PROBLEM DESCRIPTION -
Transcribe exactly the entries from the "Зимнее пальто полуприлегающего" line to the end, both included, minus pictures.

[Saved entries]

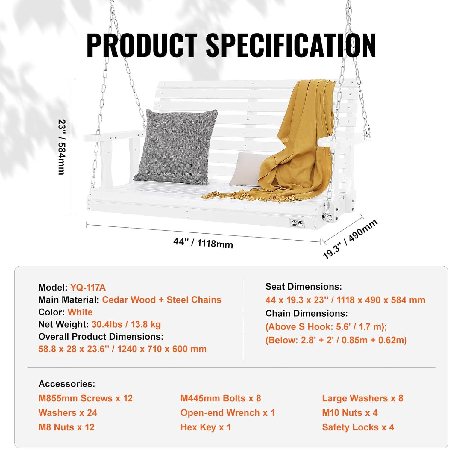 Sturdy & Stable: Crafted from pure fir wood and supported by galvanized steel chains, our porch swing ensures durability and stability. With a weight capacity of up to 880 pounds, it's built to last and remains steady throughout use.
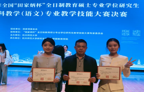 2025年11月7日至9日,2025年全国“田家炳杯”全日制教育硕士专业学位研究生学科教学(语文)专业教学技能大赛决赛在杭州师范大学举行。伟德官网蒋梦薇、帅微琴两位选手发扬拼搏精神,展现了优秀的教学技能,分别荣获二等奖、三等奖。“田家炳杯”教育硕士教学技能竞赛是目前该领域国内层次最高、专业性最强、规模最大、影响最广的全国赛事。本次大赛由全国教育硕士研究生教学技能大赛专家委员会指导,田家炳基金会冠名赞助,杭州师范大学承办。初赛共有来自128所高校575位选手参加,其中173名选手入围决赛。最决赛评选一等奖16名、二等奖32名、三等奖64名。
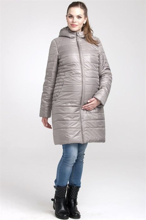 Зимнее пальто полуприлегающего силуэта. Удлиненное классическое пальто подчеркнет элегантность беременной девушки, а после беременности станет незаменимой вещью в гардеробе. За счет боковых подрезов простеганных резинкой спандекс будущим мамам будет комфортно в таком пальто. Воротник переходящий в капюшон защитит от непогоды, застежка молния закрыта ветрозащитной планкой. Карманы на потайной молнии в шве подреза.
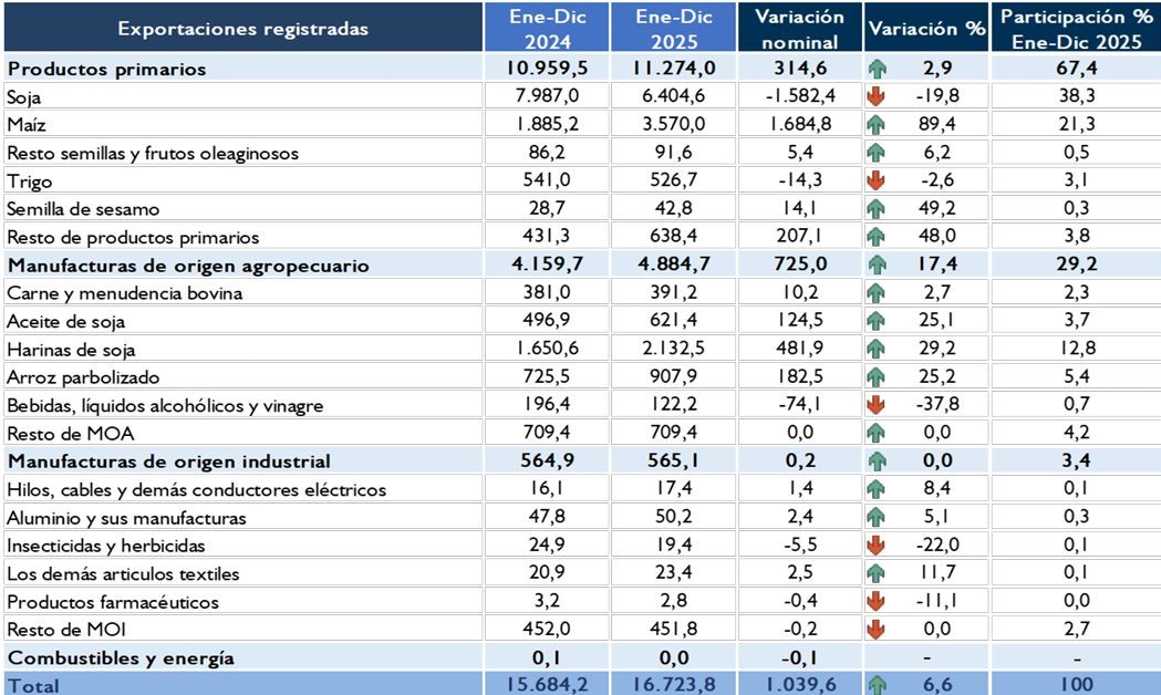 L'Argentina è al secondo posto, con una quota del 29,6% delle esportazioni registrate a dicembre 2025, per un valore di 3.282,2 milioni di dollari USA. I principali prodotti esportati in Argentina includevano soia, elettricità e componenti per auto.
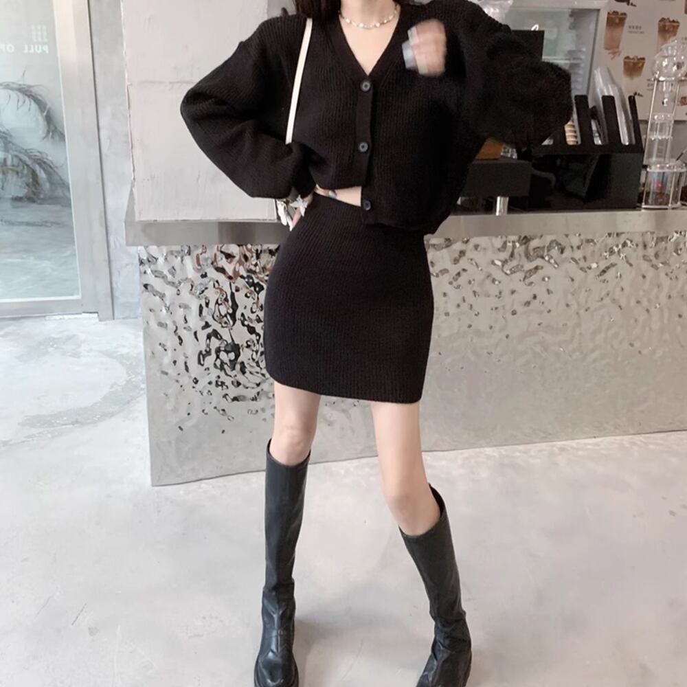 ゆるフィットシルエットでセクシー可愛いショートカーディガンとタイトスカートの上下セット

PROBLEM SOLUTION -
 Зимнее пальто полуприлегающего силуэта. Удлиненное классическое пальто подчеркнет элегантность беременной девушки, а после беременности станет незаменимой вещью в гардеробе. За счет боковых подрезов простеганных резинкой спандекс будущим мамам будет комфортно в таком пальто. Воротник переходящий в капюшон защитит от непогоды, застежка молния закрыта ветрозащитной планкой. Карманы на потайной молнии в шве подреза.
 L'Argentina è al secondo posto, con una quota del 29,6% delle esportazioni registrate a dicembre 2025, per un valore di 3.282,2 milioni di dollari USA. I principali prodotti esportati in Argentina includevano soia, elettricità e componenti per auto.
 ゆるフィットシルエットでセクシー可愛いショートカーディガンとタイトスカートの上下セット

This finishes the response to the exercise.